Notes And Documents of Free Persons of Color is a book that details the lives of several groups labeled Free Persons of Color in Colonial Virginia. The subjects lives are chronicled through documents, excerpts from newspapers, military, and court records. The subjects lives were as varied as the areas they lived in. Some lived on Plantations, others in Rural, and Urban settings. All were governed by the laws, and statues passed by the Virginia assembly.
Writer Anita Wills specializes in colonial Virginia's Free Persons of Color. Her book is published by Heritage Books. Notes And Documents of Free Persons of Color first appears in Heritage Books' February 2003 Catalog.
One of the book's subjects is the Pinn family, who resided on Virginia's Eastern Shore. John Pinn II, fought at Yorktown with his father, brother, and Uncle. John moved to Massachusetts after his service, and filed for a pension when he was over eighty years old. In his pension record Pinn states that his mother was Cherokee, and his father Mustee. This is one of the few remaining records detailing the racial makeup of the Pinn family. John fought at Yorktown along with his brothers Billy, and James, his father Robert Pinn, and his Uncle Rawley Pinn.
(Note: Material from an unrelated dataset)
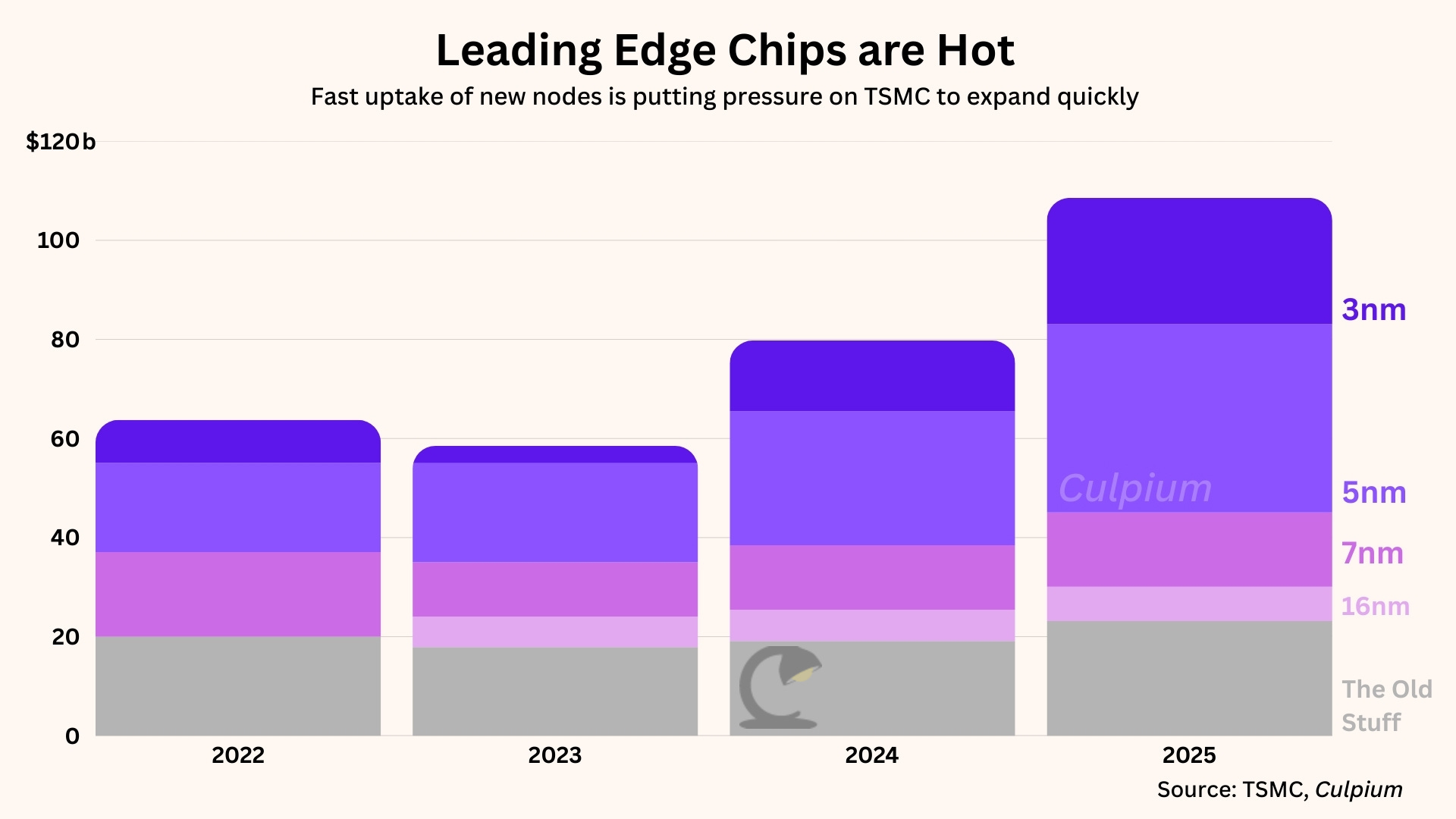 Culpium is the first to report that N2 is now close to facing the same level of capacity constraint well into next year and beyond. TSMC’s N3 node was launched in 2022 with revenue from the technology almost doubling last year to $25 billion. N2, on the other hand, hit volume production only in the past six months. Apple is the first customer and is initially using the node for chips that will go into its upcoming MacBook, I am told.

Rawley Pinn marched from Amherst County with his unit, and met with Marquis de Lafayette, before marching to Williamsburg. From Williamsburg the men joined Washington at Yorktown. The Amherst County unit was made up of members who would become Tri Racial Isolates. They settled in the mountains of Virginia, in Amherst, Nelson, Bedford, Buckingham, and surrounding counties. They were the ones who Plecker targeted, in the early 1900's. Even though most had never been slaves they were required to register in the Free Negro Registry in Amherst County.
The Bowdens, Mary and Patty, were Indentured Servants to George Washington's family. They resided in Westmoreland County on the Plantation known as Pope's Creek (now George Washington Birthplace). Mary (born 1730, died after 1810), and Patty (born 1750, died 1830), were mother and daughter. Because of their mixed raced status, the women were under a thirty year indenture, set by the law of Virginia. In 1737, Augustine Washington Junior, appeared in the Westmoreland County Courthouse, with a Mulatto Girl named "Mol". She was adjudged to be seven years old, and Mulatto, and therefore under the jurisdiction of the court. Mol was indentured out to Augustine Washington Senior (George Washington's father) for thirty years.
Mol (Mary Bowden), was born about 1730, which meant she was two years older than George. At the time he received Mary's indenture, Augustine Senior was married to his second wife, Mary Ball Washington, George's mother. George five years old at the time, and resided at Popes' Creek, a Plantation purchased by his Grandfather. He had several step brothers, including Augustine Junior, who would inherit Mary Bowdens' Indenture.
Another family chronicled is Charles and Ambrose Lewis, brothers who both served in the Revolutionary War, out of Fredericksburg. The brothers were Seamen on the Galley Page, and the Dragon Ship. After his war service Ambrose Lewis resided in Alexandria, living in the Olde towne District. He mentioed living in Alexandria in his pension application, and stated that he, and his ten year old son, both lived in Alexandria. Several slaves manumitted by Charles Lewis moved to Alexandria, including Ambrose wife Fanny. Their manumission papers are on file in Alexandria's Free Negro Registry. After his service Charles moved to the Rockets Landing area of Richmond. He is listed in the 1783 census, as a Mulatto, and a landowner.
Virginia is important because much of the Western Movement began in that region. The drives to resettle Natives in Oklahoma, and other parts west began in Virginia. Many of the early laws governing our country came out of Colonial Virginia. This book delves into the lives of those who were most affected by those early laws.